As I noted at the time, Windosill was just the latest in a long line of these digital toys and distractions, which Smith has just begun porting to the iPhone, including one of his best, Levers [App Store link]. Levers is as subtle and atmospheric as they come: as you’d gather from the screenshot above it’s a succession of increasingly difficult balancing acts.

Each perfect balance tosses a new object into the ocean below that has to be carefully counter-weighted with all the things before it, while its livelier objects (see: the blackbirds above) obliviously confound your progress just by nature of their self-animate presence.

acrobots.jpg

Also added to the App Store is Smith’s Acrobots [App Store link], even more of a simple digital distraction, but also more of exactly what he does best: rendering ’emotion’ in characters even as abstracted as the ‘bots above.

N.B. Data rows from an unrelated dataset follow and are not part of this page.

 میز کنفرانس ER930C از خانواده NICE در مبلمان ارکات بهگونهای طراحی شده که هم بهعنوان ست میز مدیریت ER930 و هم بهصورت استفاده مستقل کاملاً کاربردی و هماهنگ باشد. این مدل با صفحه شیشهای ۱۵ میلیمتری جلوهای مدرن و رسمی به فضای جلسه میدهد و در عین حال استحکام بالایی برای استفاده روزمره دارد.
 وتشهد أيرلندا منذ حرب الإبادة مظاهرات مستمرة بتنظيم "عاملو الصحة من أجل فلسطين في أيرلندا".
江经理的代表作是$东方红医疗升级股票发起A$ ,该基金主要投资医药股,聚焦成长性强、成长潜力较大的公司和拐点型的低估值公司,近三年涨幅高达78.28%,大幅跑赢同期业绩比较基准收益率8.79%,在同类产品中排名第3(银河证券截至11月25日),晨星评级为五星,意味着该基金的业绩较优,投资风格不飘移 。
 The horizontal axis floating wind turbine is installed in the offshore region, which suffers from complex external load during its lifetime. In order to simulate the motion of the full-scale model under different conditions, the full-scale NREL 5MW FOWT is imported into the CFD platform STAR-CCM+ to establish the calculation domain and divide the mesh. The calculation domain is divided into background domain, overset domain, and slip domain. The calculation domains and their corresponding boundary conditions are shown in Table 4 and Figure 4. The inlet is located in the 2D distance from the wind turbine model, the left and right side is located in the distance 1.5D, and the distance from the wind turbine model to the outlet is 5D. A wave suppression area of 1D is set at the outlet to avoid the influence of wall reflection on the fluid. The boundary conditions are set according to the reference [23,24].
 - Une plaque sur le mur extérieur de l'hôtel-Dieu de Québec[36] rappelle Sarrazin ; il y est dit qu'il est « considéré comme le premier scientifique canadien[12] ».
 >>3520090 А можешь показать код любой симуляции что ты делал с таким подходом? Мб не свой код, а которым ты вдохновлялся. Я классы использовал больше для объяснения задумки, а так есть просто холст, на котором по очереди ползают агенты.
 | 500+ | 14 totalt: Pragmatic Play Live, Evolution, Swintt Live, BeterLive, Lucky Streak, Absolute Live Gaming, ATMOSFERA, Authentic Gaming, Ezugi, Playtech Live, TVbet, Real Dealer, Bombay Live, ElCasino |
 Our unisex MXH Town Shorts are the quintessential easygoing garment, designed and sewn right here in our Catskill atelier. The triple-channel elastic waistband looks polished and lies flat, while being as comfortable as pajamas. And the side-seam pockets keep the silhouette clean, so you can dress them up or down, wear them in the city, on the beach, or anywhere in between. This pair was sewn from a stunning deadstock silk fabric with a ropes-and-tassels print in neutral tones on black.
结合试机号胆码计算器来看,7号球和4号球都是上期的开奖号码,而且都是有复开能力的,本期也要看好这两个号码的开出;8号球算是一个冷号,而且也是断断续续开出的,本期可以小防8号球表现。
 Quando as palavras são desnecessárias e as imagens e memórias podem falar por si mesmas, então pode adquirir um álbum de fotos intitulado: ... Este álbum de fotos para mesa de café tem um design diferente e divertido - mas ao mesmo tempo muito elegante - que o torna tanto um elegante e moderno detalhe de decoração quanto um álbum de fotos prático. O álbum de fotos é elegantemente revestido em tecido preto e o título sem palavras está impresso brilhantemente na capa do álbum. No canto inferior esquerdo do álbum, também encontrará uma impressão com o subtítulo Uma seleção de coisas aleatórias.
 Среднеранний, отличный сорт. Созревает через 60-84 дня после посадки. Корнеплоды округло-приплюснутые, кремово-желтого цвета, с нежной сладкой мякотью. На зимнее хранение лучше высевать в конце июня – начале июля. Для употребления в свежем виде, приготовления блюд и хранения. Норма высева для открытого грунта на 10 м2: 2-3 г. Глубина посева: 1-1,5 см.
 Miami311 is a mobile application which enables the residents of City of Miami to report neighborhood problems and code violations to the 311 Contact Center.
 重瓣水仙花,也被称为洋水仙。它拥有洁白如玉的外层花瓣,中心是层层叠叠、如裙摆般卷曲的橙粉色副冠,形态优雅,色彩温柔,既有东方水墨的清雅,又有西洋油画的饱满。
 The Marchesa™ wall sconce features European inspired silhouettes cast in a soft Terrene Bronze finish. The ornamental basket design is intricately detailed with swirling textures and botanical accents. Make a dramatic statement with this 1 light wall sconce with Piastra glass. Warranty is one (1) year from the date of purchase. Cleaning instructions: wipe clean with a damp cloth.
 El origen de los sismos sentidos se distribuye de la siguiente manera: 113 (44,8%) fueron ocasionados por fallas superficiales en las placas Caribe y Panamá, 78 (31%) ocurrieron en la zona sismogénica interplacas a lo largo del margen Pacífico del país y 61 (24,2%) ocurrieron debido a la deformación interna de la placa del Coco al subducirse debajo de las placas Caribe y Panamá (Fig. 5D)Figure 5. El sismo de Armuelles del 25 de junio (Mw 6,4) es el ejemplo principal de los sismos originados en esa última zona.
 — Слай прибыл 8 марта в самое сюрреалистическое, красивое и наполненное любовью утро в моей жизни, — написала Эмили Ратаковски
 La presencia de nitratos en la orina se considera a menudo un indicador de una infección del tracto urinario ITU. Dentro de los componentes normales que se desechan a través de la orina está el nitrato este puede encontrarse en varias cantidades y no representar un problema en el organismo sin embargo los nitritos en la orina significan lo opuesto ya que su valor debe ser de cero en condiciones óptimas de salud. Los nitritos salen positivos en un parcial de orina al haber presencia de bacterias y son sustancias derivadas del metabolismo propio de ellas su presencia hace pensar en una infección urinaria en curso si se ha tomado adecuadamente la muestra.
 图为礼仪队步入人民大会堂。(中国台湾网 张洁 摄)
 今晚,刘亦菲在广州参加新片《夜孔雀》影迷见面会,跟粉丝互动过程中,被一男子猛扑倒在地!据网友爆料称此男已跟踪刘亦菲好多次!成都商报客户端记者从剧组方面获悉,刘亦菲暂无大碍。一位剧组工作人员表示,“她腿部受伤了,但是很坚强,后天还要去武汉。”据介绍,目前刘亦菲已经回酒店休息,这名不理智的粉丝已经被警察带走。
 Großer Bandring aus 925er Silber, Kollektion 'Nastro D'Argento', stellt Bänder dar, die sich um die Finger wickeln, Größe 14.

There are no goals in Acrobots, simply a series of variables and controls which the ‘bots must obey, as they either actively flip and spring off one another (the Acro– part), or simply try to build themselves into a stable structure, which is where their carefully seeking feet (thrown off by their tri-pedal-ness) reach out for one another in a way that’s honestly kind of heartbreaking when they can’t find a mate/wall to match.

Of the two, Levers will obviously provide you with the better game experience, and it’s worth noting there’s a Lite version of Acrobots that’s just gone live. Both of the toys are also previewable/playable on the web (Levers / Acrobots), but both are perfectly suited for the iPhone as it lets them be exactly what they should be: diversions that let you directly touch a realistic but otherwise fantastic world.